Tuesday, June 06, 2017

Github, Git, Git Extensions, using Git, Git Tips and Tricks, Git for Windows

Git Tutorial #1 - Reset current branch to delete local commits with no data loss, and replace with 1 better remote commit

When you are working on a project thats undergoing changes so rapidly that you have no chance to do milestones or take breaks to put out stable versions, you should still commit LOCALLY (Commit, not Commit&Push) often to back up your work, and have old code to go back to during troubleshooting. Taking the time is annoying so just write as little description as possible to save time. 
Then after you have gotten to a milestone or a stable point, you can throw all those away, and Commit and Push ONE single solid commit with complete description and thought put into it when you have time.
This is best to do with local commits only, otherwise there can be some weird situations.
I mean you can do it, but its bad practice to change the history.

Step 1 - Highlight the last commit you want to keep.

Step 2 - Right click on it and choose Reset current branch to here.

Step 3 - This is where you make important decisions.
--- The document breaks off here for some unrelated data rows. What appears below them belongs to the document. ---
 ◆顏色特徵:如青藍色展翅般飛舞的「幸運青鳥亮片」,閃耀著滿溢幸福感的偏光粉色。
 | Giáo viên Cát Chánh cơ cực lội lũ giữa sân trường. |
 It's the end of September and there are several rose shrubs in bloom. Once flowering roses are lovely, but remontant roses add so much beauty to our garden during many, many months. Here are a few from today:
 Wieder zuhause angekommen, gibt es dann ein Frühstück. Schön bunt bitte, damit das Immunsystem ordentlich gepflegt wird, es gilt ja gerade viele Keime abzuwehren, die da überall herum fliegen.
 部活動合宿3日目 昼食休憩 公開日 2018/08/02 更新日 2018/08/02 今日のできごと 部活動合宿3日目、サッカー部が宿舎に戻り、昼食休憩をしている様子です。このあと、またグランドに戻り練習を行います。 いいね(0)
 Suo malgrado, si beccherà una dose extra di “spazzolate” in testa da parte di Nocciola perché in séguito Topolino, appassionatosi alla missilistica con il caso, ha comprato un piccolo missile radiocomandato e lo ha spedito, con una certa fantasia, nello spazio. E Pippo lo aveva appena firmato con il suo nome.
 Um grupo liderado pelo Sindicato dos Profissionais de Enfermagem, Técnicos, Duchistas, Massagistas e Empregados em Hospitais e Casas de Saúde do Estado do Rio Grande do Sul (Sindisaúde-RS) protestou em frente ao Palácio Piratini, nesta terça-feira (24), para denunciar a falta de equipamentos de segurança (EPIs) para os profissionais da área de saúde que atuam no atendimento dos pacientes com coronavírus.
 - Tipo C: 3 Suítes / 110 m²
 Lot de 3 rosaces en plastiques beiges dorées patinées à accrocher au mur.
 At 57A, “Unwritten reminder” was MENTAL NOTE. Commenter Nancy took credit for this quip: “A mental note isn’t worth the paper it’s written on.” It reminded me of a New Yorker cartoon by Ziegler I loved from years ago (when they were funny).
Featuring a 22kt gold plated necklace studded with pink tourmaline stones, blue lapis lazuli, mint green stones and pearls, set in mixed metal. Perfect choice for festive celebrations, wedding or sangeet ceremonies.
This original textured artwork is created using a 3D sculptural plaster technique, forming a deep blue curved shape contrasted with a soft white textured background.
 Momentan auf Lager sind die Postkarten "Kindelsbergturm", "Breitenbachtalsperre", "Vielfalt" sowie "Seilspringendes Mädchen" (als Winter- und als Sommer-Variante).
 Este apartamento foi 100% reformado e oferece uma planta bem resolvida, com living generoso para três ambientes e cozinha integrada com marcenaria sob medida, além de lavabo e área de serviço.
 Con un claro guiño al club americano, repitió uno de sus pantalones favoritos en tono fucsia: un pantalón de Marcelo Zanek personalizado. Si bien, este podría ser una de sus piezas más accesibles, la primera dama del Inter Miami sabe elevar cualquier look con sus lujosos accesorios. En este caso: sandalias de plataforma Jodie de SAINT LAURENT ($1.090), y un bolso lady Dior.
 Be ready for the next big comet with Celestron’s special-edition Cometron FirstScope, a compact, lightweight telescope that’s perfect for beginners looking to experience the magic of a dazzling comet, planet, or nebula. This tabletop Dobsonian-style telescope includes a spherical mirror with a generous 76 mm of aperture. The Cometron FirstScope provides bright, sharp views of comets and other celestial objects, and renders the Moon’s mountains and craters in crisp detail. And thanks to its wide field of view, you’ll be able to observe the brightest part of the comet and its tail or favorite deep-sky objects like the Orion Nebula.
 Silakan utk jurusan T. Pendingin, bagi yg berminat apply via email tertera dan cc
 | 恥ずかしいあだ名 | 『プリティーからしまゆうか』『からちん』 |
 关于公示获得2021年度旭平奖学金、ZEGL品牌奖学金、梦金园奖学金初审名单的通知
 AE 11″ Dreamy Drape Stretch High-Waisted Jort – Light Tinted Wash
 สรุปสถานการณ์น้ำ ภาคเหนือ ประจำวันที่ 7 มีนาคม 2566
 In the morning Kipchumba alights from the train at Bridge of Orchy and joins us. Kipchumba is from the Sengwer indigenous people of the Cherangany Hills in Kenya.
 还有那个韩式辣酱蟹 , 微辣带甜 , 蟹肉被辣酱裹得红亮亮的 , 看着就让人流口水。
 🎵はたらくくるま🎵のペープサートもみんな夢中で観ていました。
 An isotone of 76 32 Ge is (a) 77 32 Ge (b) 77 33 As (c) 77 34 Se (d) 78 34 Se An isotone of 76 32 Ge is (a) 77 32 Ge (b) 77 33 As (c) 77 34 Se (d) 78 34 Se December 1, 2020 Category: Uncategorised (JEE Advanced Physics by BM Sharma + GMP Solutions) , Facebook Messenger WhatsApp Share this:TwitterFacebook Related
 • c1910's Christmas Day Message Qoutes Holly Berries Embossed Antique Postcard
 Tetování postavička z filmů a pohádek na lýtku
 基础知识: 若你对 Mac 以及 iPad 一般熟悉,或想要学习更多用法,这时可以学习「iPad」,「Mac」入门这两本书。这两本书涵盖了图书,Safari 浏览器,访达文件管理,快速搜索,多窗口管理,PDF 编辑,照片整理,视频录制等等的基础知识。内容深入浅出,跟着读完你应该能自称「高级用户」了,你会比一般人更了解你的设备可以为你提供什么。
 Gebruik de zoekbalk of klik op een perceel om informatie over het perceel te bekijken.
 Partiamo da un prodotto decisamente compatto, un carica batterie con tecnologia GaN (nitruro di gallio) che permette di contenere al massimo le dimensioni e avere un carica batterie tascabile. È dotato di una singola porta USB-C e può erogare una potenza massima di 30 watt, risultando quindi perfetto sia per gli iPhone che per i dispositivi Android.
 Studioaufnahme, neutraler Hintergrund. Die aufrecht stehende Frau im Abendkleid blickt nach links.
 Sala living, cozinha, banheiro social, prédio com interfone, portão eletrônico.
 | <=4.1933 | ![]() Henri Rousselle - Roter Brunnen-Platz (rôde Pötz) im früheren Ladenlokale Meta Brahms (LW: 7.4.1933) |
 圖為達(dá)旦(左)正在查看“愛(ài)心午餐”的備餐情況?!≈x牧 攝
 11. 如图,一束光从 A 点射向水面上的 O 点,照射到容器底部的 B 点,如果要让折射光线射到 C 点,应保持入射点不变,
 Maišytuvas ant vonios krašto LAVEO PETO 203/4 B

In this tutorial we want to leave our files unchanged, and just delete the commit indexes.

Step 4 - Now it will show the last commit as the past one you picked, and that "New" files can be committed. Still no file data has changed.  At this point you want to the final Commit, and (most likely Push to github too).

Step 5 - You see you've effectively turned all the junk into 1 well formatted commit.

Can the text/descriptions for the old ones can be copied to the new text? No. There is no easy way to aggregate them all like some other git merge commands do. This is why I said dont put that much effort into the temp names. You could copy/paste em manually if it was that important.